▸ **REQUIRED ACTION**:
The copy must match the data below line for line and contain no images.

▸ **RAW DATA**:
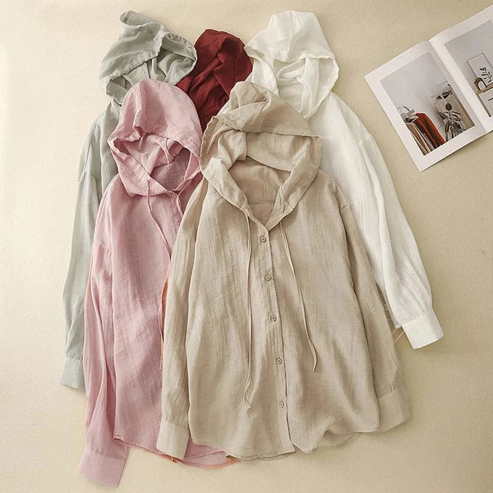 A linen hoodie, reimagined with grace. The texture is light, almost gauze-like, with a subtle crinkle that catches the light and shifts with your every move. The silhouette flows long and loose, while the hood drapes softly—more sculptural than sporty.
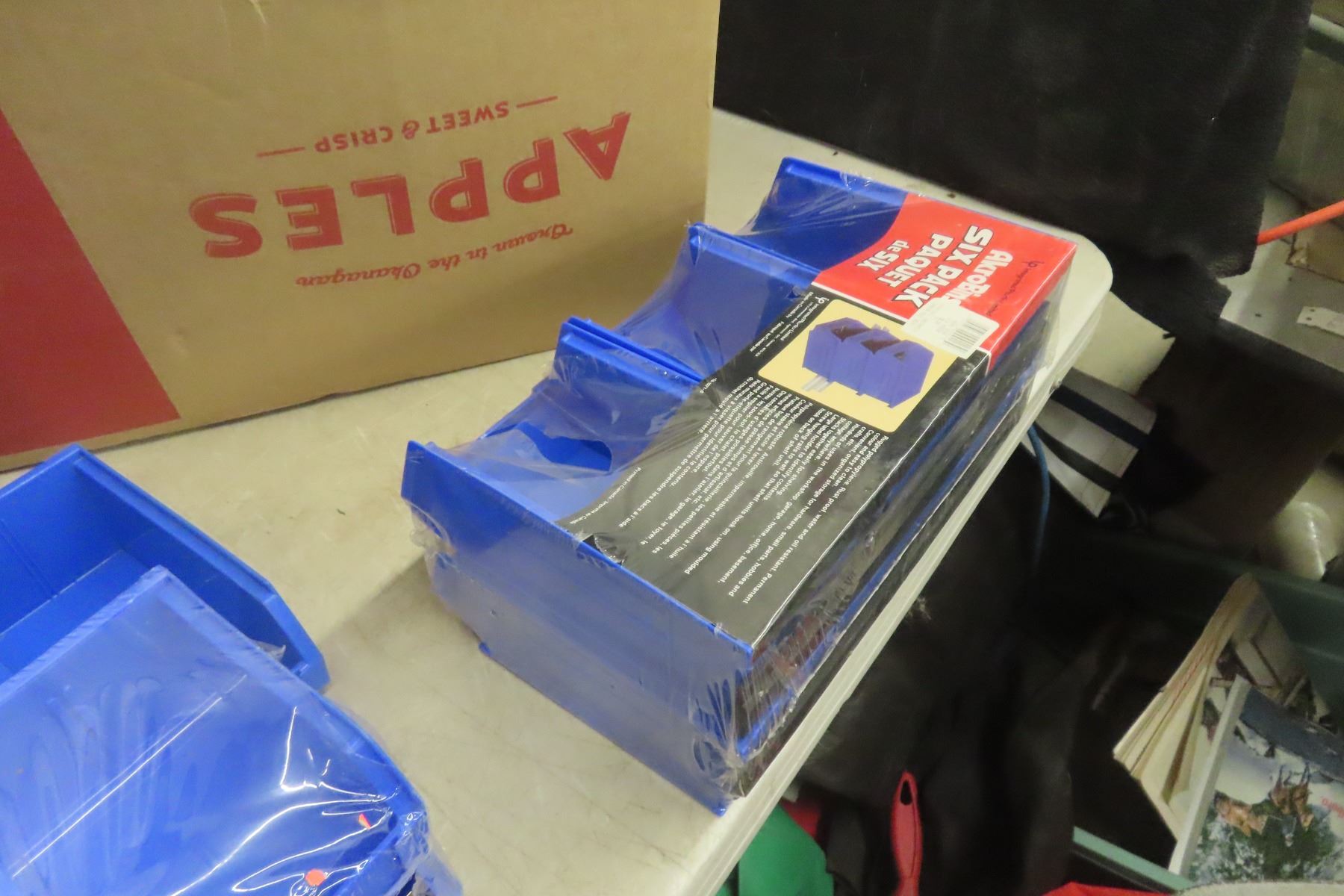 Three Boxes of New Heavy Blue Plastic Rust-Proof Interlocking Bins for Parts, Hardware, and Office
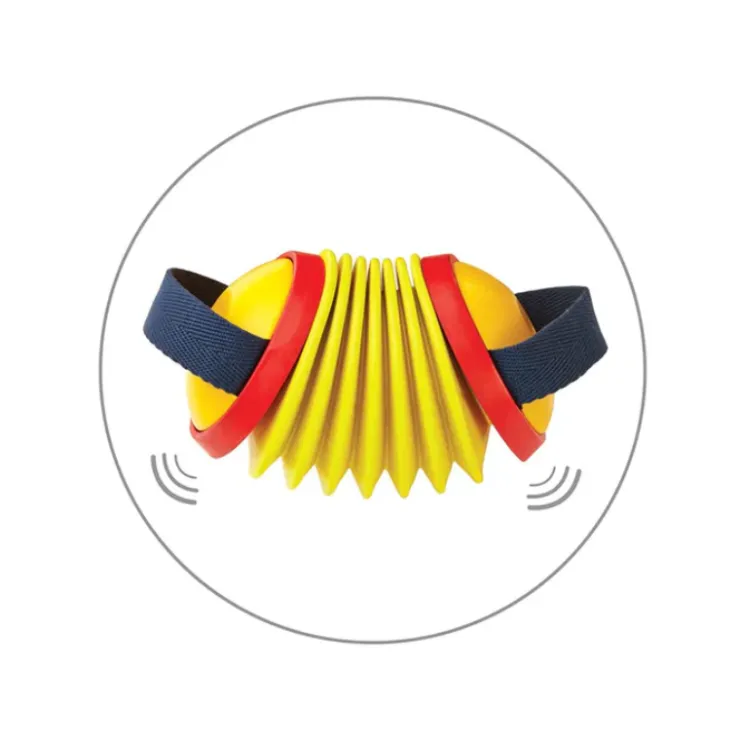 As the concertina by Plan Toys is squeezed in and out, different notes and pitches play.

▸ **FINAL ANSWER**:
 A linen hoodie, reimagined with grace. The texture is light, almost gauze-like, with a subtle crinkle that catches the light and shifts with your every move. The silhouette flows long and loose, while the hood drapes softly—more sculptural than sporty.
 Three Boxes of New Heavy Blue Plastic Rust-Proof Interlocking Bins for Parts, Hardware, and Office
 As the concertina by Plan Toys is squeezed in and out, different notes and pitches play.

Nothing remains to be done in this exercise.